Avec ces résultats, les chercheurs notent que si la combinaison de l’agréabilité et du faible revenu conduit aux pires résultats financiers, il est également possible que ça se joue en sens inverse. En effet, des difficultés financières combinées à un statut socioéconomique faible pourraient faire augmenter le niveau d’agréabilité d’une personne. Les gens des catégories socioéconomiques inférieures auraient tendance à donner la priorité à la communauté plutôt qu’à l’argent. Les relations sociales (et non l’argent) seraient leur principal soutien lorsqu’ils font face à une situation difficile. Être agréable mène donc à moins se concentrer sur l’argent, mais moins se concentrer sur l’argent pourrait également mener à se tourner vers les autres et à être plus agréable.

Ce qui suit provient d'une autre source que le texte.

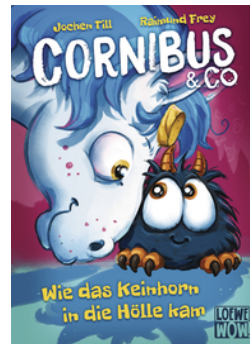
Cornibus & Co. - How the No-Unicorn Came to Hell (Vol. 4)
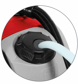
Vispa EVO is ready to use in a very short time and the clean water filling operation is even faster thanks to the crevice with filter on the front-mounted hopper cap.
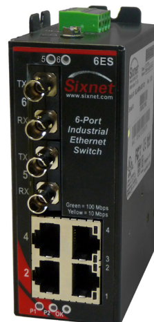
SLX-6ES-4/5 Aluminum Case Wide Temperature

We have been designing industrial hardware such as Remote Terminal Units for over 30+ years and have used this expertise to design the toughest Ethernet switches on the market. Don't trust your critical communications to so-called industrial hardware from commercial switch manufacturers. Sixnet switches give you proven assurance that your system will keep running for years to come.
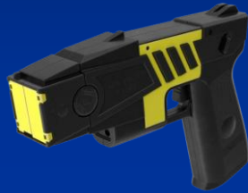
2002 Taser M26 Program
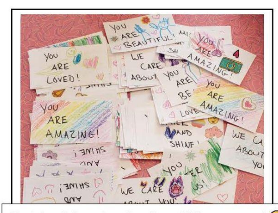
Each lunch has a handmade, uplifting care card 😊
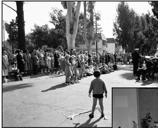
Above - crowds enjoy entertainment at the entrance. At right- teens try out the dance floor. Below- brownies listen with joy to the juke box.

This early experience, together with extensive freelance work done for San Francisco newspapers while concurrently earning his Business Administration degree from San Jose State, led to work for United Press Photos. His talent was subsequently sought by a San
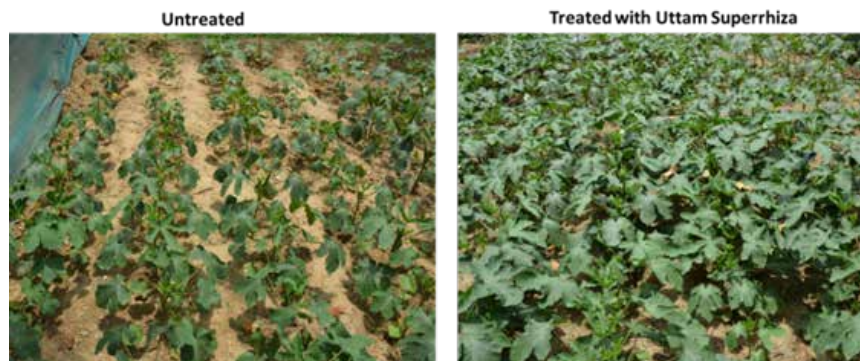
Figure 2 Impact of Superrhiza granular formulation on the growth of okra in field conditions

This is a remarkable growth promoter technology that provides native biological inputs to supplement biofertilizer performance for synergistic effects and superior field performance. Further use of sustainable practices such as composting and no-till farming will enhance soil fertility and water retention, leading to higher yields and decreased dependence on irrigation. Together with minimizing addition of chemical inputs will promote a healthier environment for farm families and communities. Additionally, it will help build healthy soils and diverse ecosystems to increase farm resilience to extreme weather events, and climate change, contributing to food security and reducing reliance on external food sources. ■
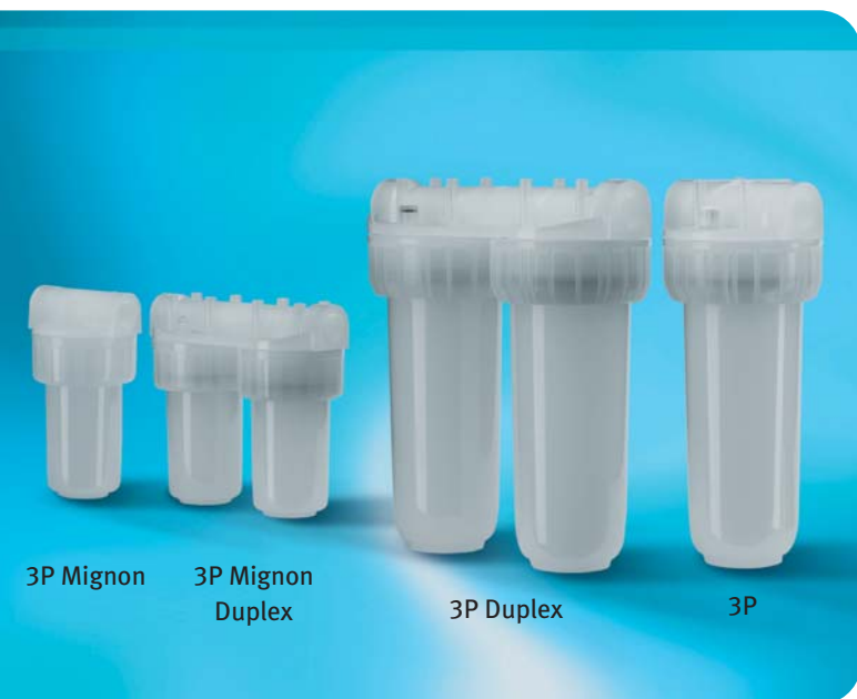
3P Mignon 3P Mignon Duplex

RO2-09/07. Subject to change without notice
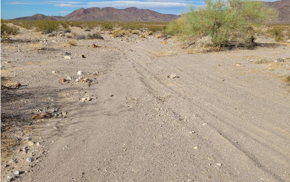
Photo Point T-5 (Gen-Tie Corridor). West facing view of drainage where indicators have been disturbed by vehicular activities (see Figure 10 Page 20).
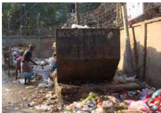
While an elderly cleaner rakes strewn rubbish into the DCC supplies disposal container in Dhaka, a younger cleaner scavenges for items of re-saleable value.

the young. As one respondent aged 24–25 put it: 'Our father's understanding of a barrier is that nothing should come between him holding the job and his son holding the same job after him. He has no idea that he himself is a barrier to our wishes.'
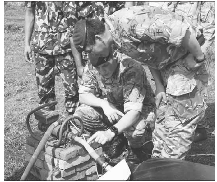
Gurkha engineers construct a water purification system for people living in a camp in Kathmandu following an earthquake.

With the abolition of the Nepalese monarchy in 2008, the future recruitment of the Gukhas for British and Indian service was initially put in doubt. Elements of the new government considered that recruitment as mercenaries was degrading to the Nepalese people and would be banned. However, the Gurkha recruitment for foreign service continues. Their service brings much needed money into the economy of Nepal.
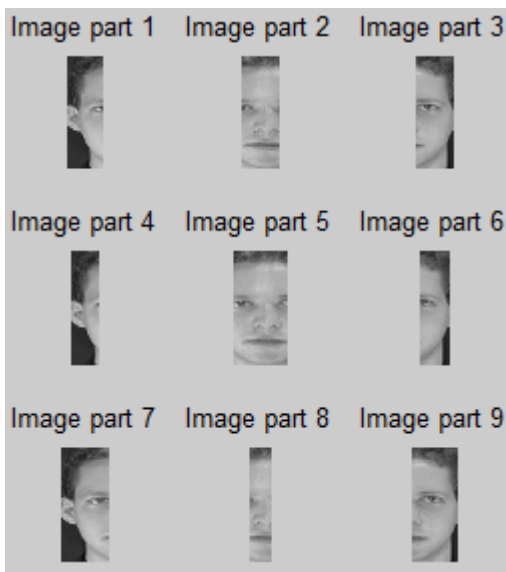
Fig -5 : Vertical face granules
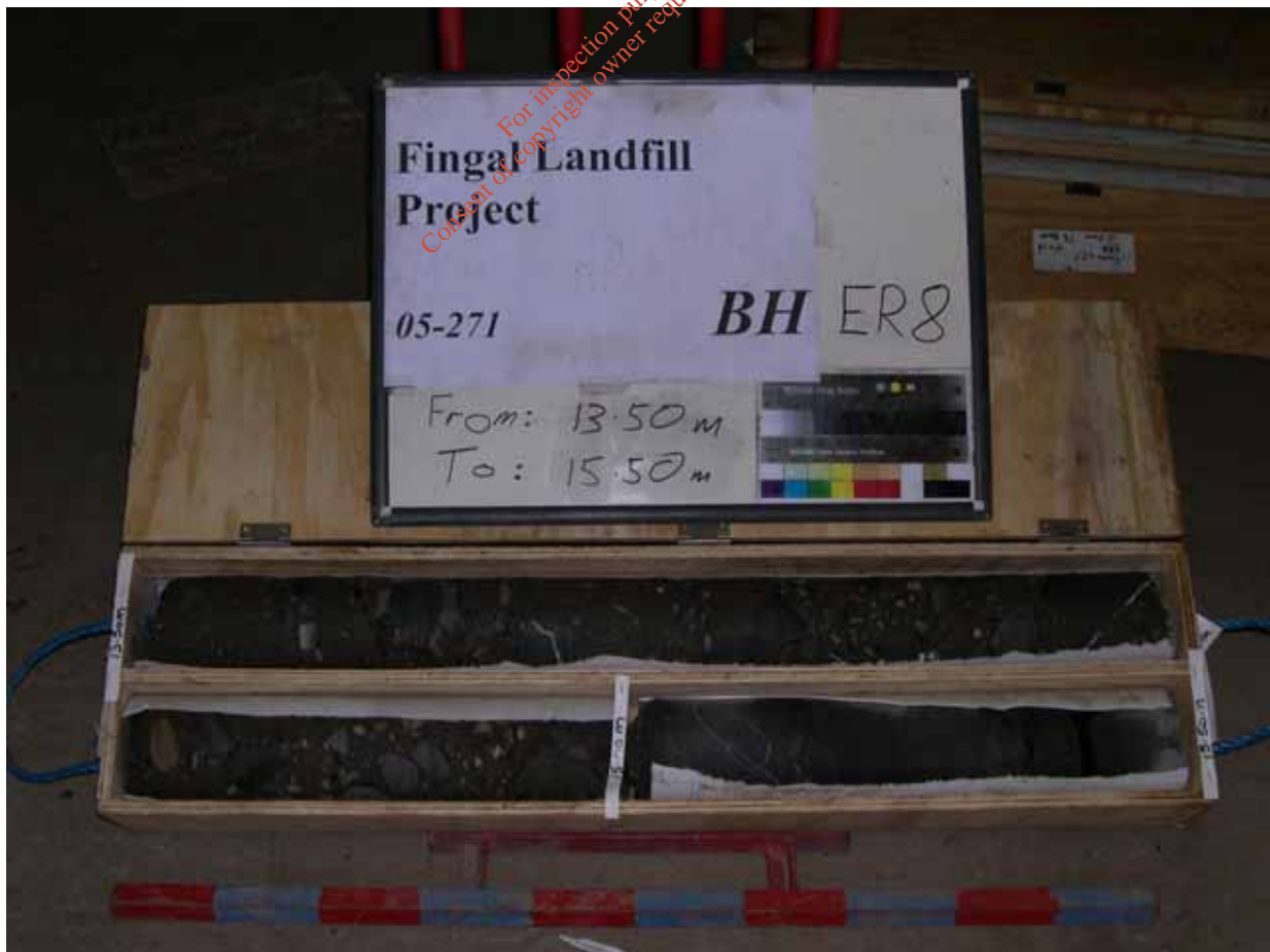
BH ER08: 13.50-15.50m
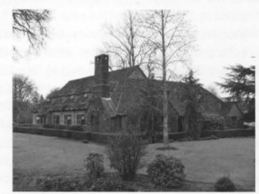
Oregon State Forester's Office Building, Salem, constructed 1938.

Civic Stadium was placed in the National Register of Historic Preservation (NRHP) in 2009.<sup>8</sup> It was determined to be significant under NRHP Criteria A and C at the local level for its association with the WPA, contribution to community development, and its architectural style.<sup>9</sup> If still standing the stadium would have been one of 14 known remaining wood baseball stadiums in the country and would have significance at the national level.<sup>10</sup>
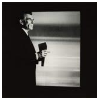
Figure 1. Jorge Molder, O pequeno mundo (The small world) , 2001. Series of 24 photographs, Black & White, 35cmx35cm.

Although, in these two cases, most of the discourses suggest that none of the characters is similar to the personal self, an embodied vision of social practices may say otherwise. Hence, the cases are often positioned equivocally or in an ambivalent way between the two genres – self-portrait versus self-representation, allowing undertaking a number of questions: beyond mimesis, what is there? In which conditions has this ambivalence been originated? In which way are artists, and other agents or observers participating in the creation of such a discourse? Which are its main effects? What about contingency, as contexts of creation and correlative relations with other images, texts, and signification structures representing a particular moment in time? How is artistic status created and reproduced? By what means are artists transforming their experiences of seeing and acting in ambiguous and (in)determinate narratives about the works of art?
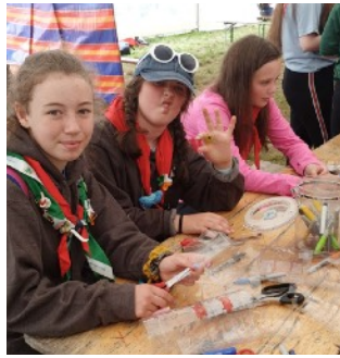
'Fish you were here': Irish Girl Guides

Évidemment, un phénomène aussi complexe et multifacette que les difficultés financières ne pourrait être déterminé que par quelques facteurs prédictifs de personnalité, mais il demeure qu’être agréable semble bel et bien avoir un coût financier. Reste à savoir si on est le personnage gentil ou méchant de l’histoire…

Source principale : MATZ, Sandra C., Ph.D., Columbia Business School et Joe J. GLADSTONE, Ph.D., University College de Londres, School of Management. « Nice Guys Finish Last : When and Why Agreeableness Is Associated With Economic Hardship », Journal of Personality and Social Psychology, 11 octobre 2018.